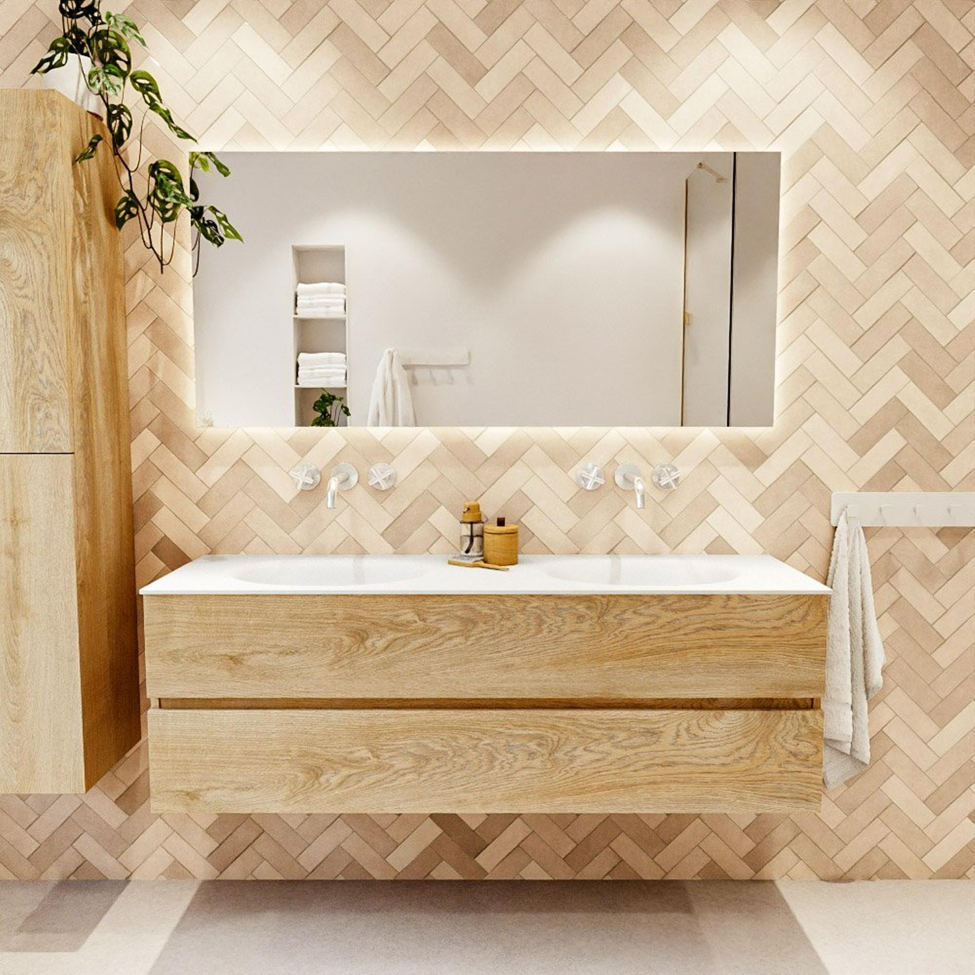 MONDIAZ VICA 150cm badmeubel onderkast Washed Oak 2 lades. Wastafel MOON dubbel zonder kraangat, kleur Talc.
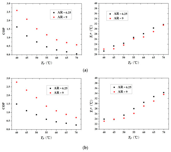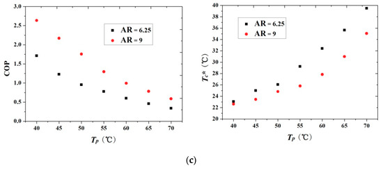 Tp = 65 °C. According to this analysis, reducing the AR could help to raise the critical condensation temperature, which was affected by the NXP. The AR had an opposite effect on the COP and the critical condensation temperature. Therefore, the comparison of the performance of the two steam ejectors should be based on the relationship between the COP and the critical condensation temperature. They had a relationship of restricting each other. According to experimental results shown in
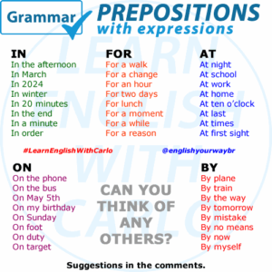 Here are some common prepositional phrases, also known as Collocations with prepositions. Prepositional Phrases for Time: Prepositional Phrases for Location or Movement: Prepositional Phrases for Cause or Reason: Prepositional Phrases for State or Condition: Prepositional Phrases for Manner or Degree: PREPOSITIONS with expressions INIn the afternoonIn MarchIn 2024In winterIn 20 minutesIn the endIn a minuteIn …
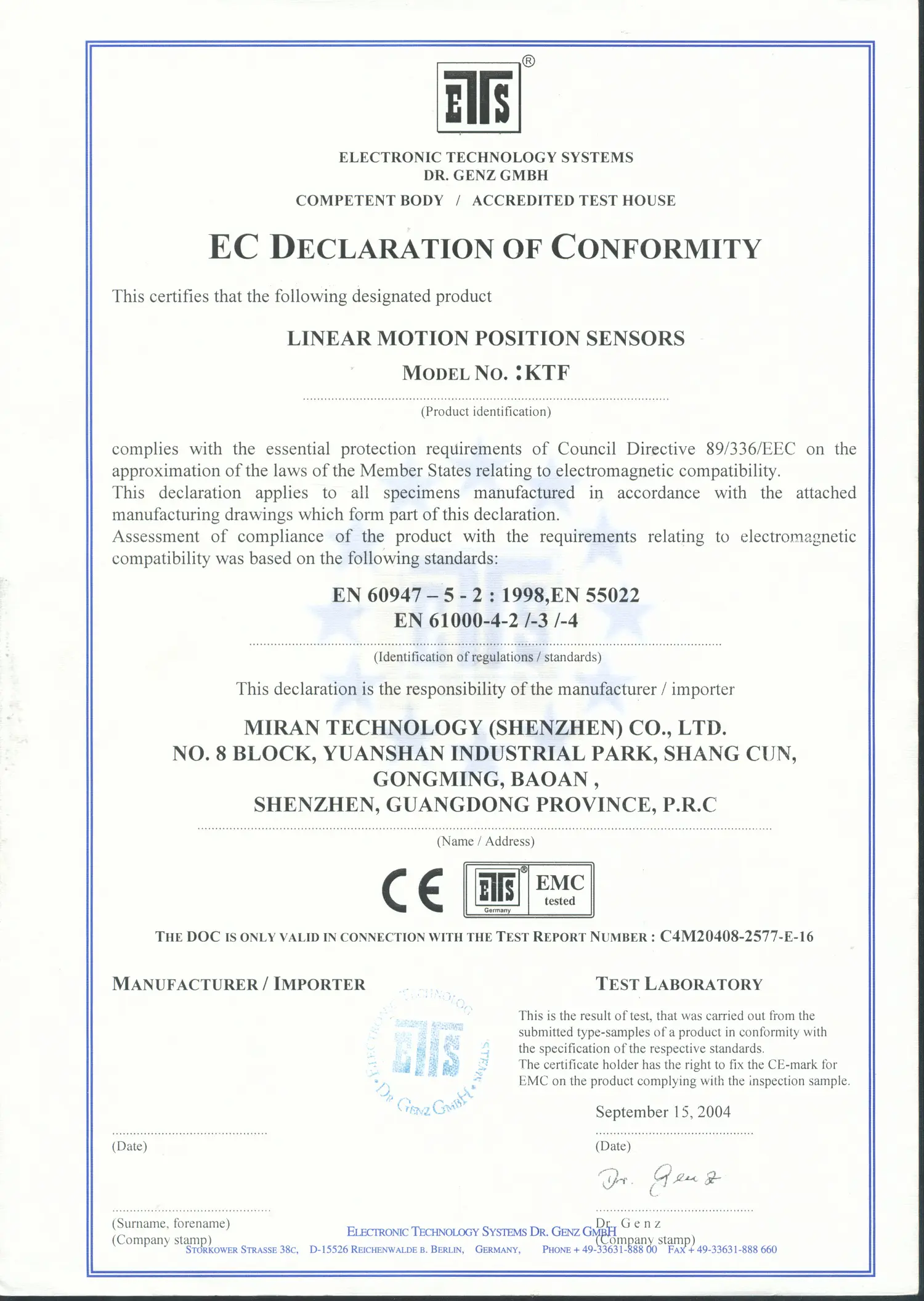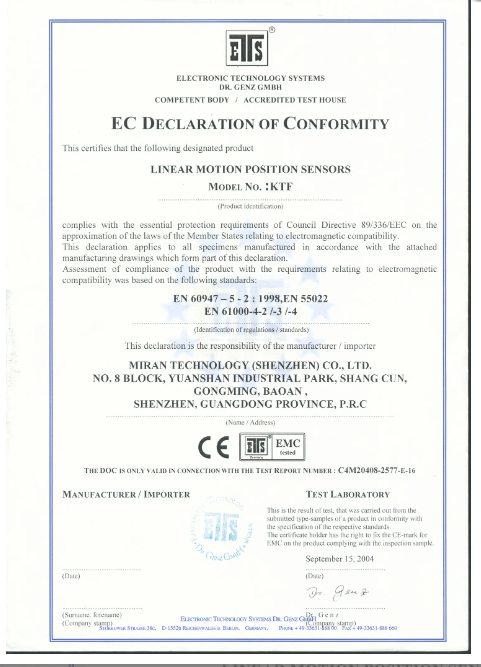 KTF直线位移传感器CE认证证书
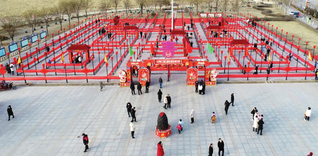 九曲黃河燈游會(huì),是河曲縣古老的民間文化活動(dòng),因其路線三回九轉(zhuǎn),所以寓意是天下黃河九十九道彎。燈游會(huì)場(chǎng)從上面鳥瞰就是一個(gè)方陣圖,陣內(nèi)有72桿旗,365盞明亮的燈籠,象征著在新的一年里天天亮亮堂堂,全年紅紅火火。河曲縣自古就有“有月無燈不算春”的說法。流傳至今、長盛不衰的大型民間活動(dòng)——九曲黃河燈游會(huì)一直以來深受百姓喜愛。它像是一場(chǎng)集體的狂歡,見證了黃河岸邊河曲人民最虔誠的新年祝福,承載著河曲人民新年風(fēng)調(diào)雨順、萬事勝意的美好祈愿,講述著黃河沉淀千年的傳奇故事。 本報(bào)通訊員

---

WHAT TO DO
Copy the final stretch of lines, starting at the one that holds "Tp = 65 °C." and ending at the last line of the data, exactly; omit pictures.

YOUR SOLUTION
 Tp = 65 °C. According to this analysis, reducing the AR could help to raise the critical condensation temperature, which was affected by the NXP. The AR had an opposite effect on the COP and the critical condensation temperature. Therefore, the comparison of the performance of the two steam ejectors should be based on the relationship between the COP and the critical condensation temperature. They had a relationship of restricting each other. According to experimental results shown in
 Here are some common prepositional phrases, also known as Collocations with prepositions. Prepositional Phrases for Time: Prepositional Phrases for Location or Movement: Prepositional Phrases for Cause or Reason: Prepositional Phrases for State or Condition: Prepositional Phrases for Manner or Degree: PREPOSITIONS with expressions INIn the afternoonIn MarchIn 2024In winterIn 20 minutesIn the endIn a minuteIn …
 KTF直线位移传感器CE认证证书
 九曲黃河燈游會(huì),是河曲縣古老的民間文化活動(dòng),因其路線三回九轉(zhuǎn),所以寓意是天下黃河九十九道彎。燈游會(huì)場(chǎng)從上面鳥瞰就是一個(gè)方陣圖,陣內(nèi)有72桿旗,365盞明亮的燈籠,象征著在新的一年里天天亮亮堂堂,全年紅紅火火。河曲縣自古就有“有月無燈不算春”的說法。流傳至今、長盛不衰的大型民間活動(dòng)——九曲黃河燈游會(huì)一直以來深受百姓喜愛。它像是一場(chǎng)集體的狂歡,見證了黃河岸邊河曲人民最虔誠的新年祝福,承載著河曲人民新年風(fēng)調(diào)雨順、萬事勝意的美好祈愿,講述著黃河沉淀千年的傳奇故事。 本報(bào)通訊員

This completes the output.